French actress (born 1971)

Sylvie Testud (born 17 January 1971) is a French actress whose film career began in 1991. She won the César Award for Most Promising Actress for Murderous Maids (2000), the César Award for Best Actress for Fear and Trembling (2003), and the European Film Award for Best Actress for Lourdes (2009). Her other film roles include Beyond Silence (1996), La Vie en Rose (2007), and French Women (2014).

==Life and career==
Testud grew up in the La Croix-Rousse quarter of Lyon, France. This was an area with many Portuguese, Spanish, and Italian immigrants. Her mother immigrated from Italy in the 1960s. Her French father left the family when Sylvie was just two years old.

In 1985, when she was 14, she saw Charlotte Gainsbourg in her role of the complex young girl in L'Effrontée, a film directed by Claude Miller, identified with Gainsbourg, and so took drama classes in Lyon with the actor and director Christian Taponard.

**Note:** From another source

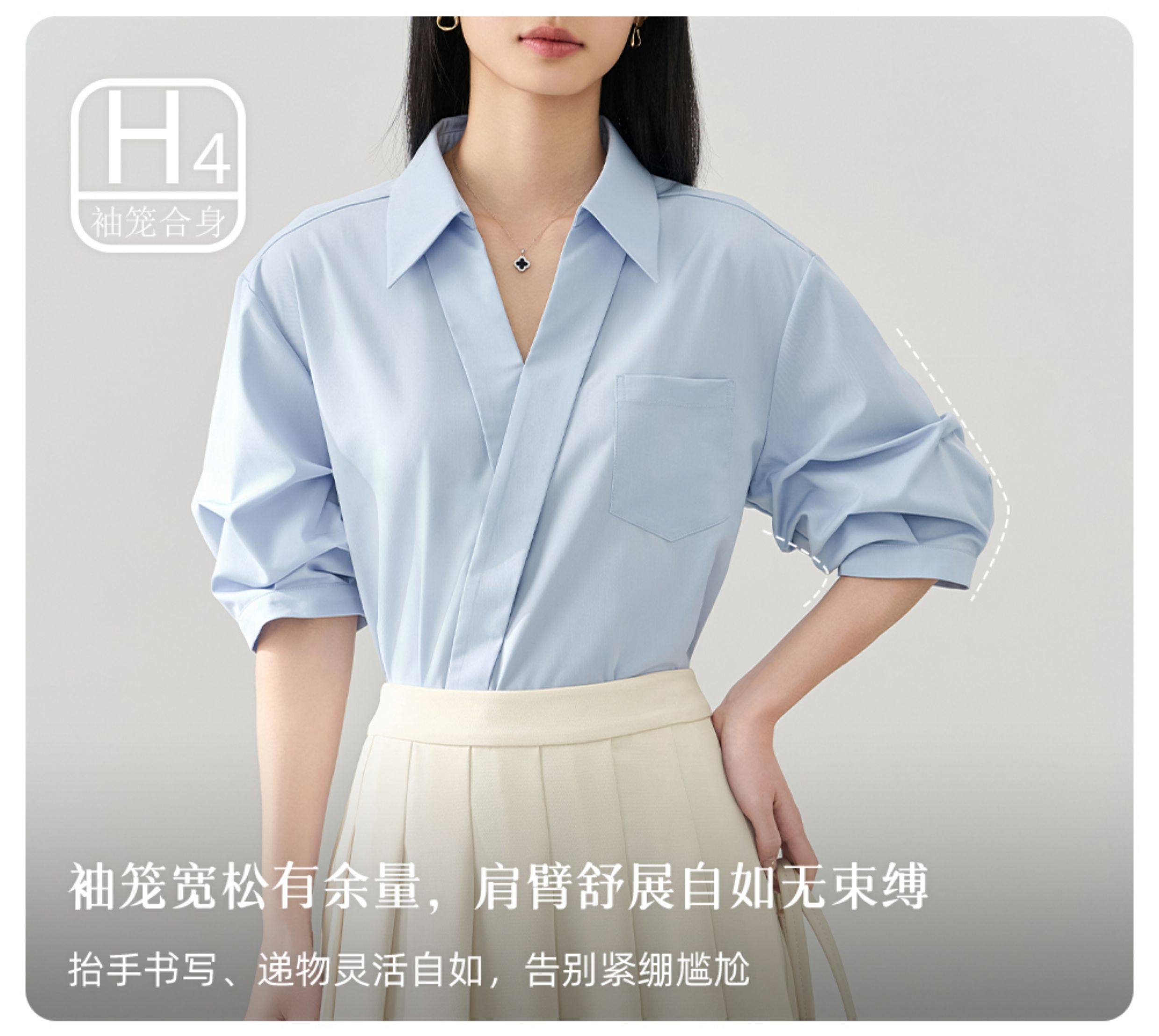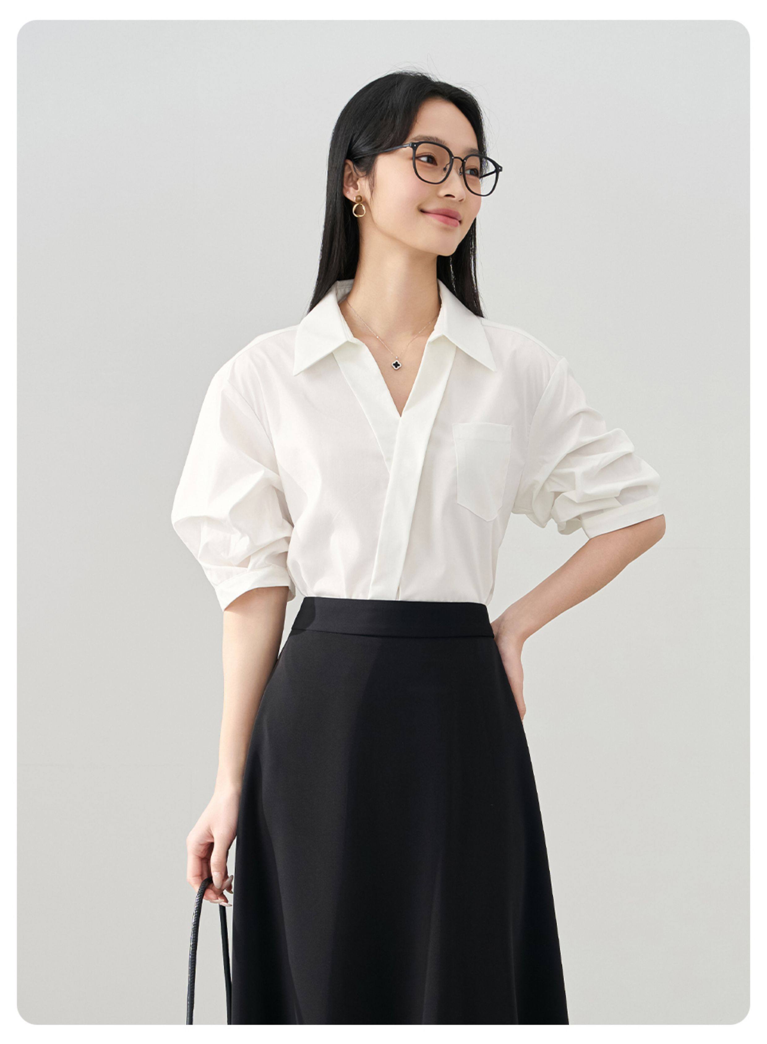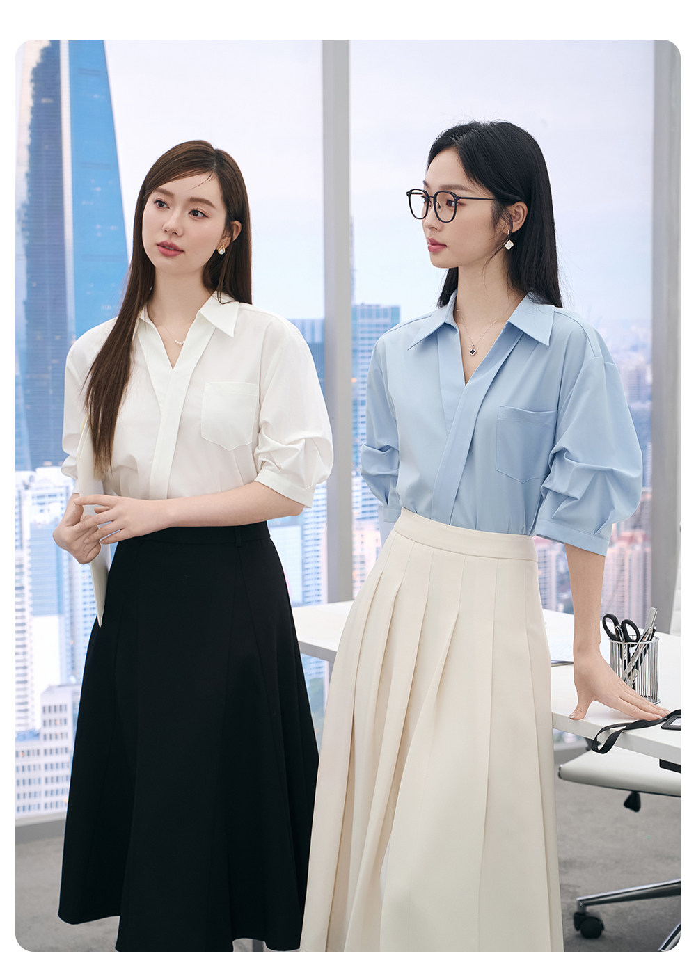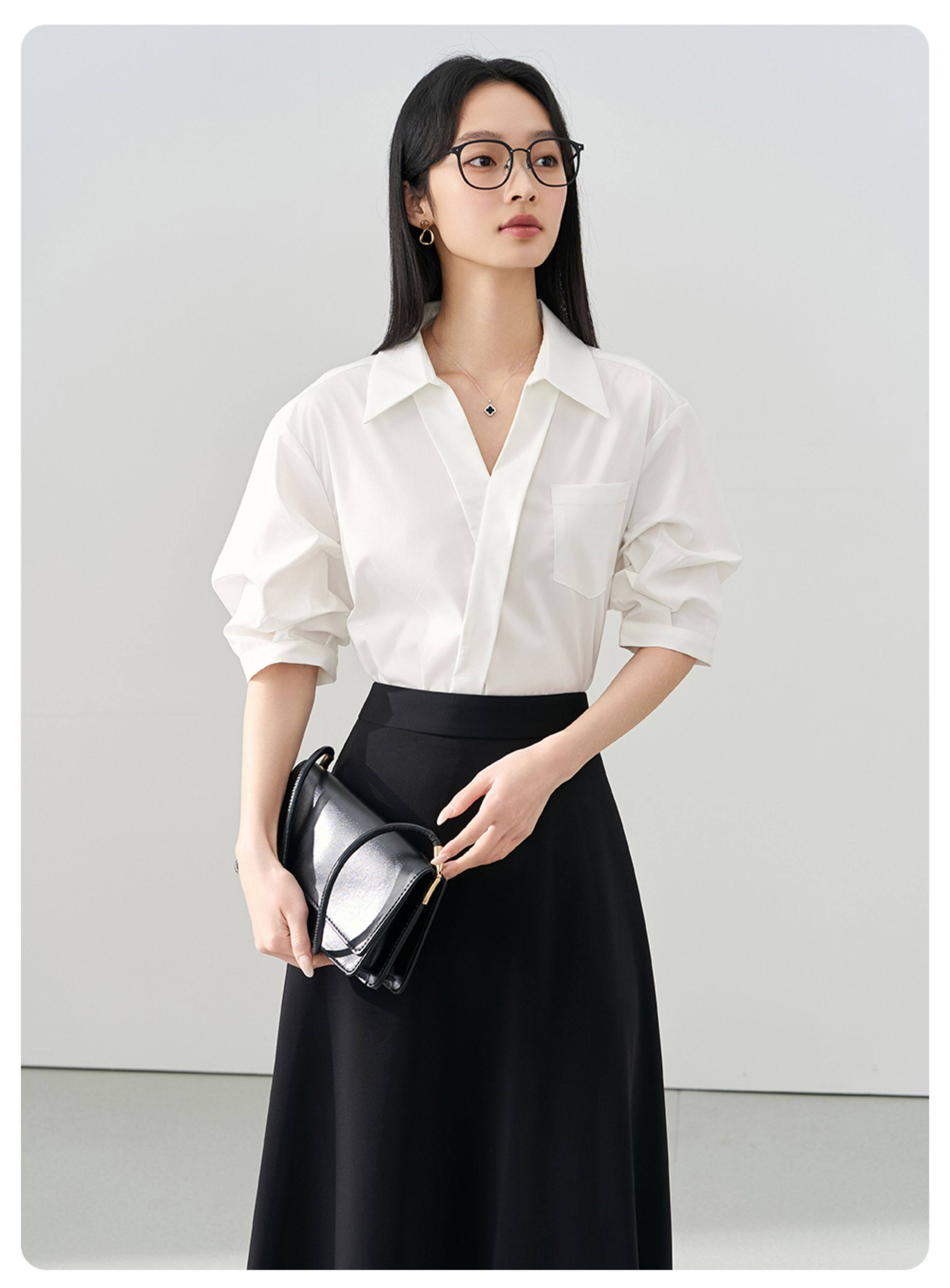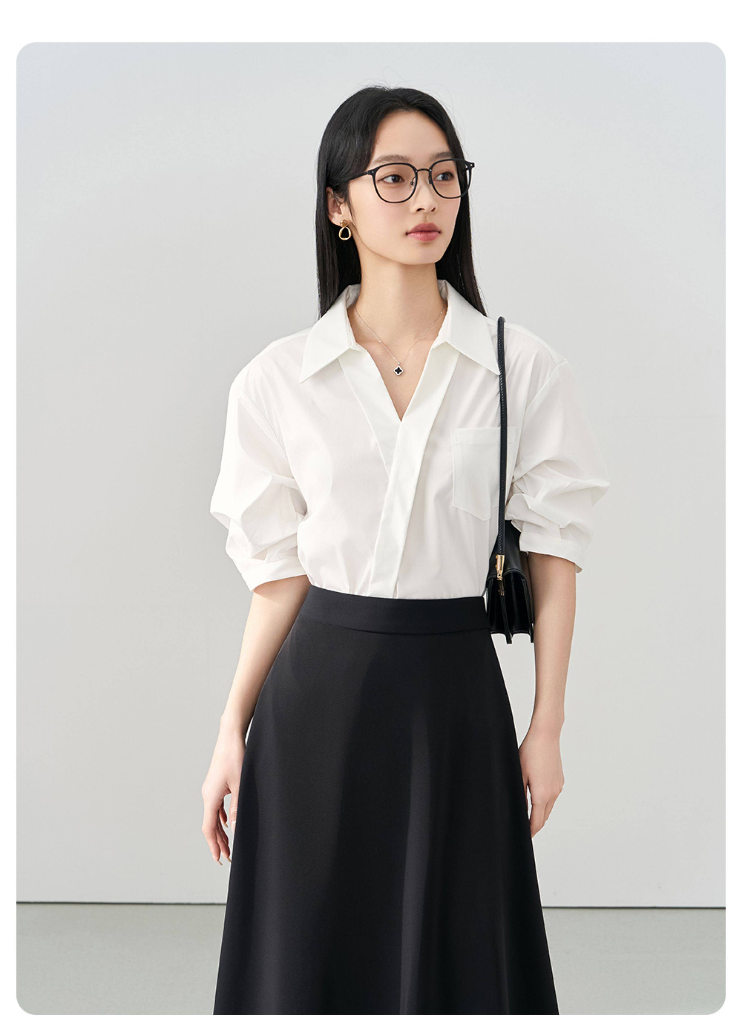 伯德小姐白色v領襯衫女士早秋面試穿搭通勤正裝短袖上衣職業襯衣

In 1989, she moved to Paris and spent three years at the Conservatoire (CNSAD). In the early and mid 1990s, she landed her first small roles in films like L'Histoire du garçon qui voulait qu'on l'embrasse, directed by Philippe Harel, and Love, etc., directed by Marion Vernoux. In 1997 she had great success in Germany with Caroline Link's Jenseits der Stille for which she learned German, sign language, and the clarinet. In 1998 she had her first major role in French cinema playing Béa in Thomas Vincent's Karnaval. In 2000 she starred in Chantal Akerman's La Captive, an adaptation of La Prisonière, the fifth part of Marcel Proust's À la recherche du temps perdu. In 2001 she won the César Award for Most Promising Actress for her portrayal of Christine Papin, one of the Papin sisters, in Les Blessures assassines (English title: Murderous Maids). The story concerned a young servant woman found guilty of the murder, with her sister's help, of her employer's wife and daughter; it had made sensational headlines in France in 1933.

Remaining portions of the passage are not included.